I am still in the process of learning, but I will show you the progress of learning using StyleGAN2. Since we are training with RTX1070, a messy model is impossible due to the memory size. This time, I resized all the datasets to 64x64.
Model overview
G Params OutputShape WeightShape
--- --- --- ---
latents_in - (?, 512) -
labels_in - (?, 0) -
lod - () -
dlatent_avg - (512,) -
G_mapping/latents_in - (?, 512) -
G_mapping/labels_in - (?, 0) -
G_mapping/Normalize - (?, 512) -
G_mapping/Dense0 262656 (?, 512) (512, 512)
G_mapping/Dense1 262656 (?, 512) (512, 512)
G_mapping/Dense2 262656 (?, 512) (512, 512)

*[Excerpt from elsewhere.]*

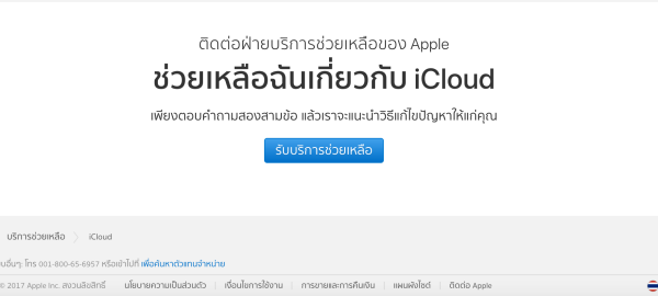 ตัวอย่างปัญหาที่ผู้เขียนพบคือ iCloud ไม่สามารถแบ็คอัพข้อมูลได้ ให้เลือกไปที่ iCloud หลังจากนั้นก็จะมีหัวข้อต่างๆ ให้แก้ปัญหาเบื้องต้น หากดูแล้วไม่สามารถแก้ไขเองได้ ต้องการติดต่อเจ้าหน้าที่ให้เลื่อนหน้าจอลงมาด้านล่างสุดครับ และเลือกไปที่ “รับบริการช่วยเหลือ”

G_mapping/Dense3 262656 (?, 512) (512, 512)
G_mapping/Dense4 262656 (?, 512) (512, 512)
G_mapping/Dense5 262656 (?, 512) (512, 512)
G_mapping/Dense6 262656 (?, 512) (512, 512)
G_mapping/Dense7 262656 (?, 512) (512, 512)
G_mapping/Broadcast - (?, 10, 512) -
G_mapping/dlatents_out - (?, 10, 512) -
Truncation/Lerp - (?, 10, 512) -
G_synthesis/dlatents_in - (?, 10, 512) -
G_synthesis/4x4/Const 8192 (?, 512, 4, 4) (1, 512, 4, 4)
G_synthesis/4x4/Conv 2622465 (?, 512, 4, 4) (3, 3, 512, 512)
G_synthesis/4x4/ToRGB 264195 (?, 3, 4, 4) (1, 1, 512, 3)
G_synthesis/8x8/Conv0_up 2622465 (?, 512, 8, 8) (3, 3, 512, 512)
G_synthesis/8x8/Conv1 2622465 (?, 512, 8, 8) (3, 3, 512, 512)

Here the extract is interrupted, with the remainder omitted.